EXERCISE: Type out the data exactly as given. Skip any image.

INFORMATION SHOWN:
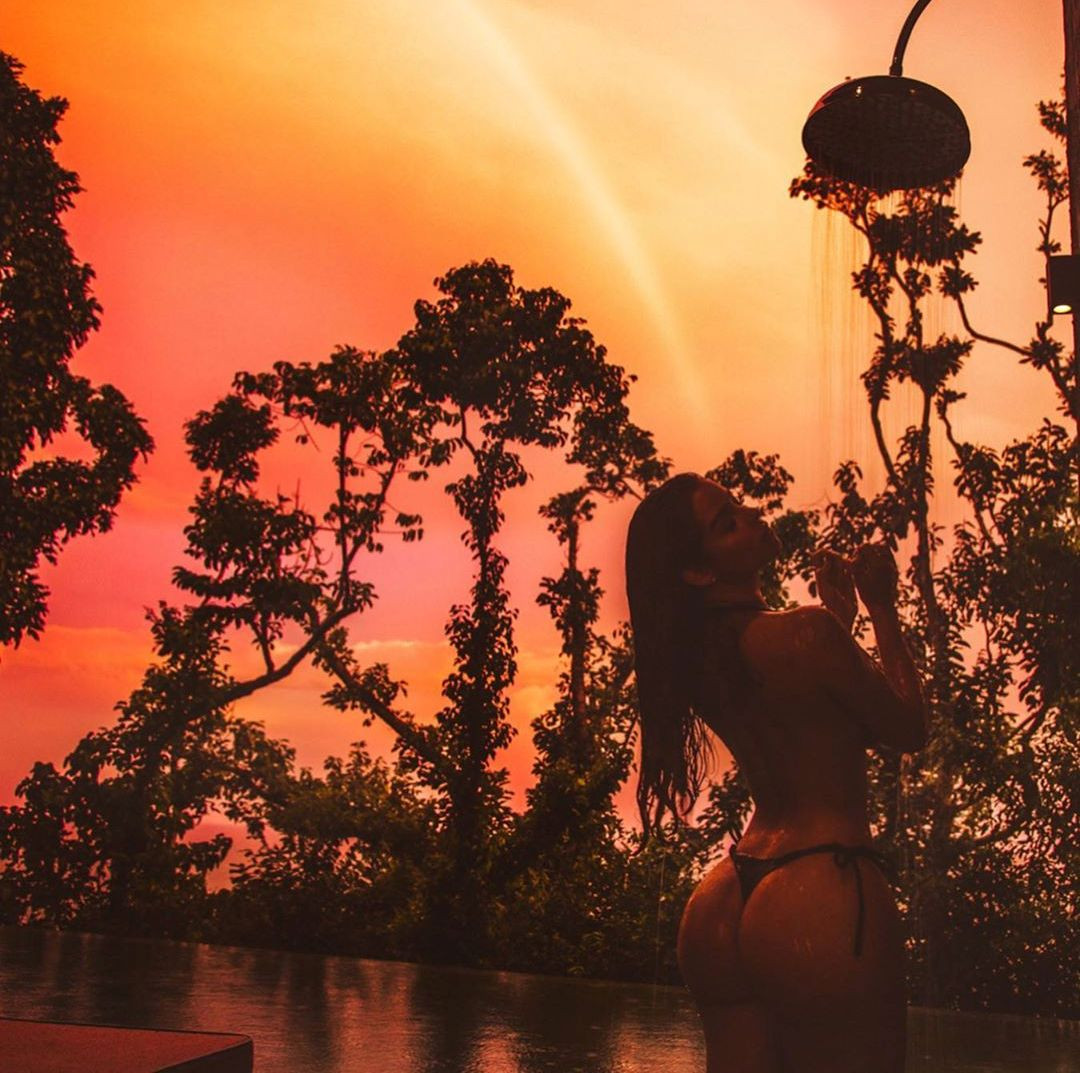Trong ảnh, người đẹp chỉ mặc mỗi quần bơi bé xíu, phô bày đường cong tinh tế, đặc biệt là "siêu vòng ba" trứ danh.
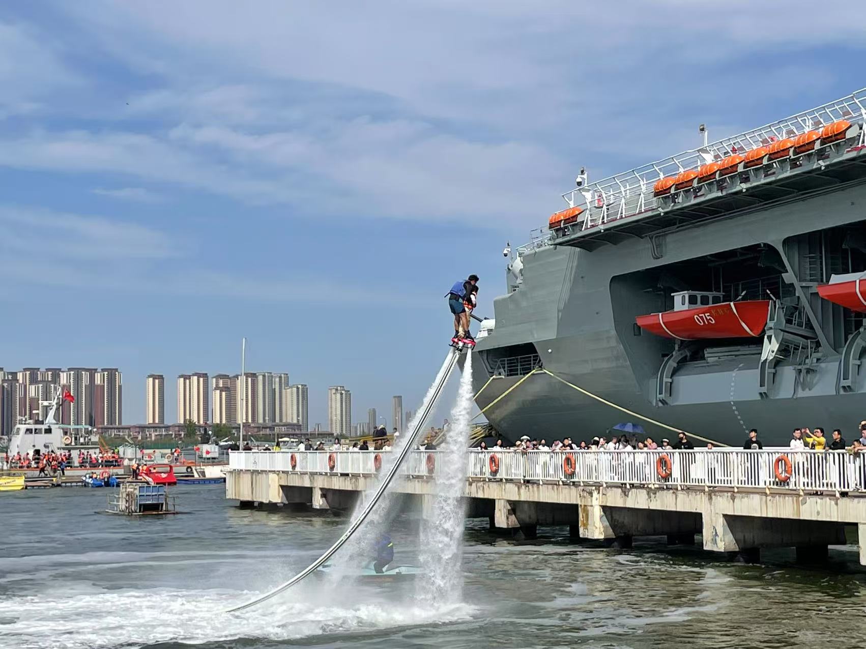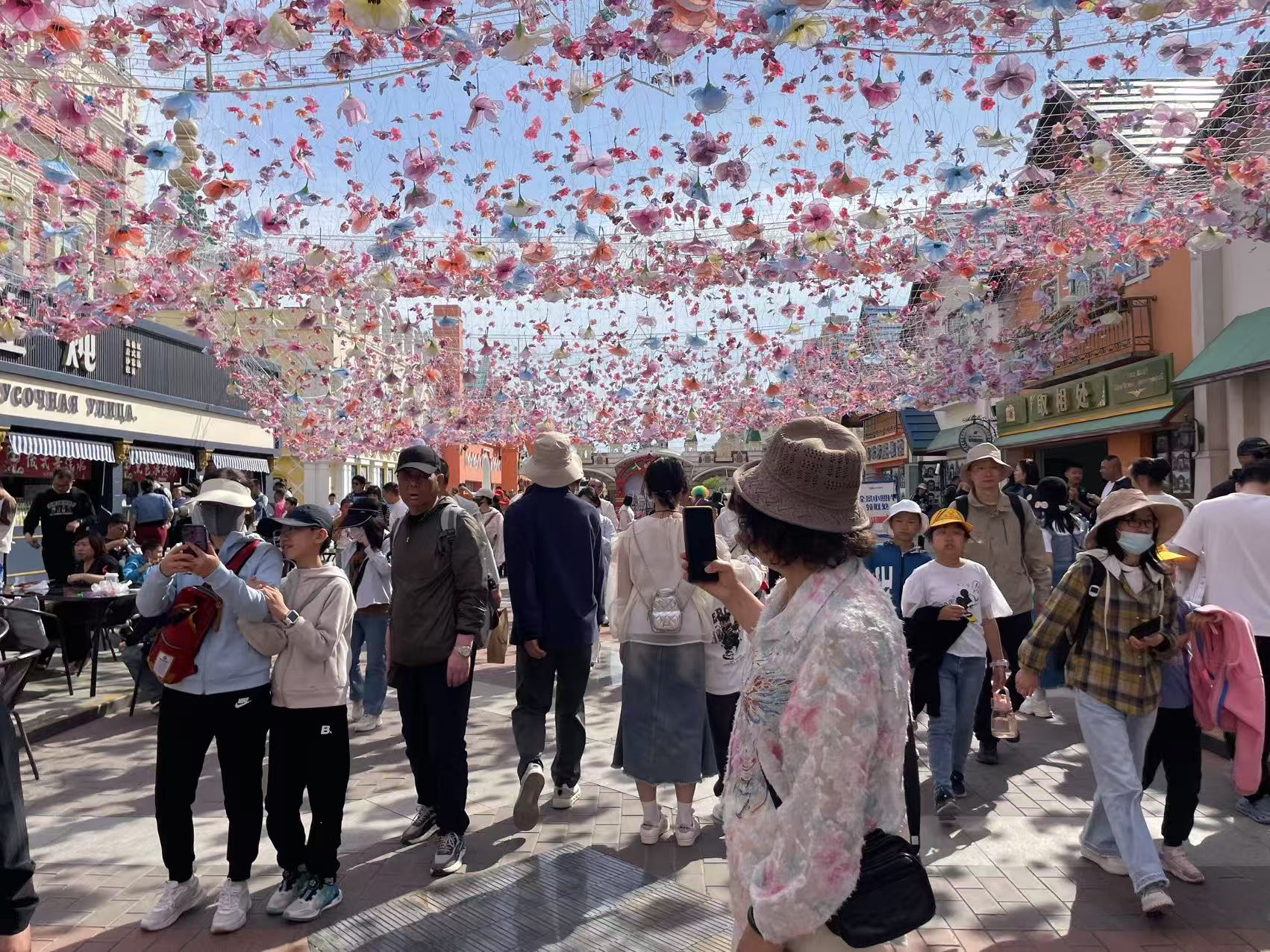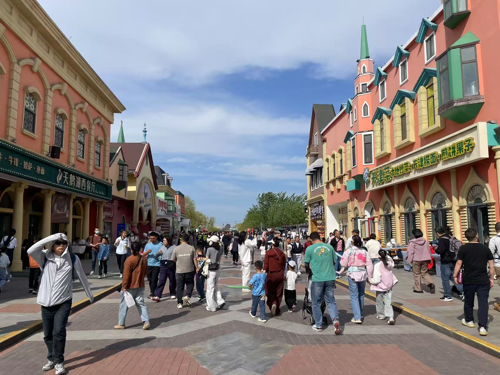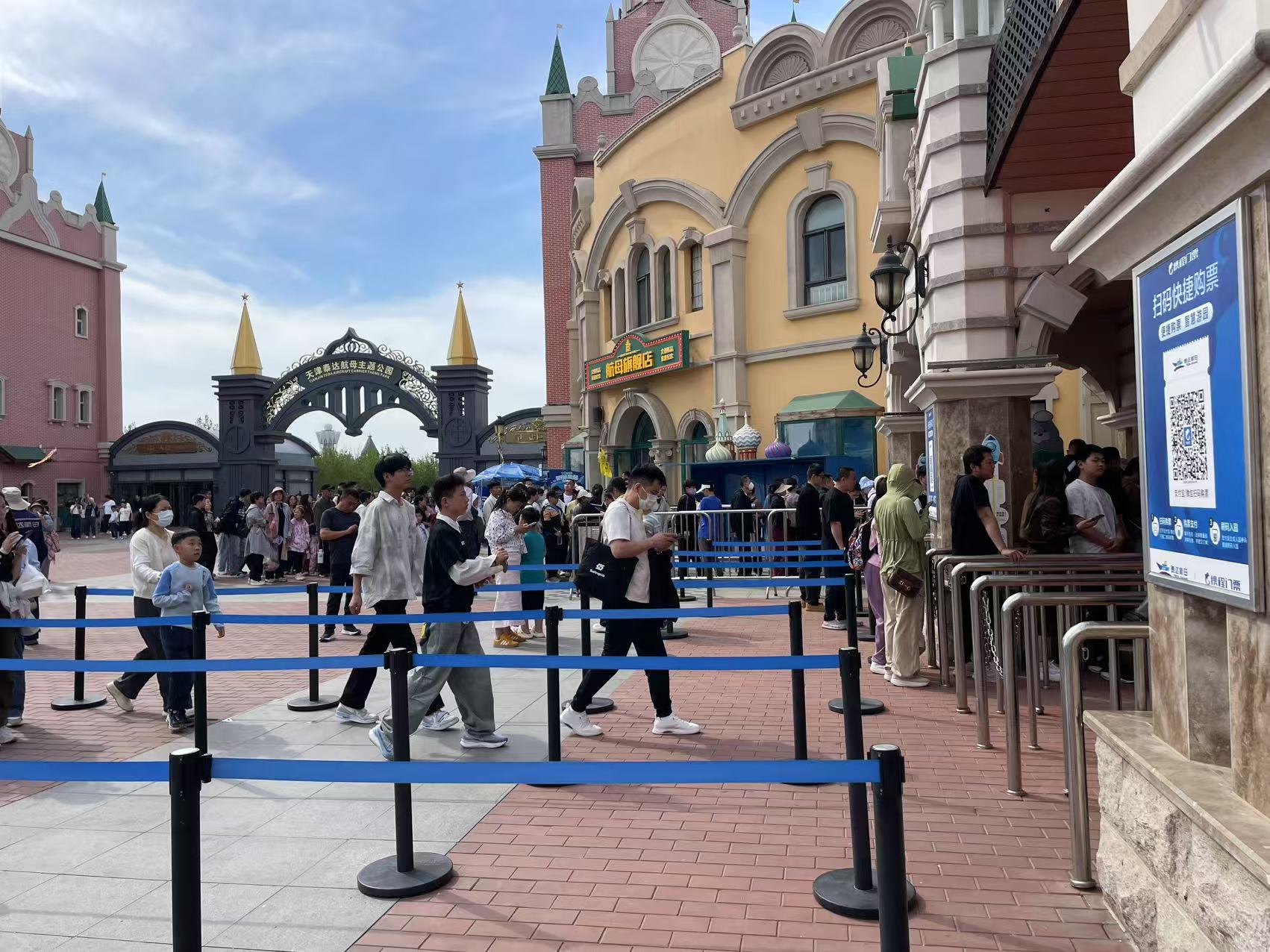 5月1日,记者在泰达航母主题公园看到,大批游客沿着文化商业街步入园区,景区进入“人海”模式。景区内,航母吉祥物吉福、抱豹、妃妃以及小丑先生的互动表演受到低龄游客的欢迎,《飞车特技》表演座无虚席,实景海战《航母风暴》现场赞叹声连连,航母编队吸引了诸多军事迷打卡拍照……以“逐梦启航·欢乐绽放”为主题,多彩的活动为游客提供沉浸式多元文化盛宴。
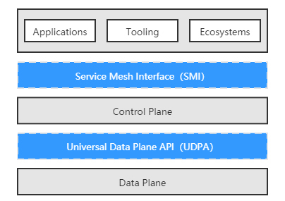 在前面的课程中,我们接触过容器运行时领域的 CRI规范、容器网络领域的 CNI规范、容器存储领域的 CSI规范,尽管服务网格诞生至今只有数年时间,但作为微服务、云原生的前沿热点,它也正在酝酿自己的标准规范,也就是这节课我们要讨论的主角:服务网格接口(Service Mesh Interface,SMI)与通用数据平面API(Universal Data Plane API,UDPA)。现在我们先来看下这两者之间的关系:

COMPLETED TASK:
Trong ảnh, người đẹp chỉ mặc mỗi quần bơi bé xíu, phô bày đường cong tinh tế, đặc biệt là "siêu vòng ba" trứ danh.
 5月1日,记者在泰达航母主题公园看到,大批游客沿着文化商业街步入园区,景区进入“人海”模式。景区内,航母吉祥物吉福、抱豹、妃妃以及小丑先生的互动表演受到低龄游客的欢迎,《飞车特技》表演座无虚席,实景海战《航母风暴》现场赞叹声连连,航母编队吸引了诸多军事迷打卡拍照……以“逐梦启航·欢乐绽放”为主题,多彩的活动为游客提供沉浸式多元文化盛宴。
 在前面的课程中,我们接触过容器运行时领域的 CRI规范、容器网络领域的 CNI规范、容器存储领域的 CSI规范,尽管服务网格诞生至今只有数年时间,但作为微服务、云原生的前沿热点,它也正在酝酿自己的标准规范,也就是这节课我们要讨论的主角:服务网格接口(Service Mesh Interface,SMI)与通用数据平面API(Universal Data Plane API,UDPA)。现在我们先来看下这两者之间的关系:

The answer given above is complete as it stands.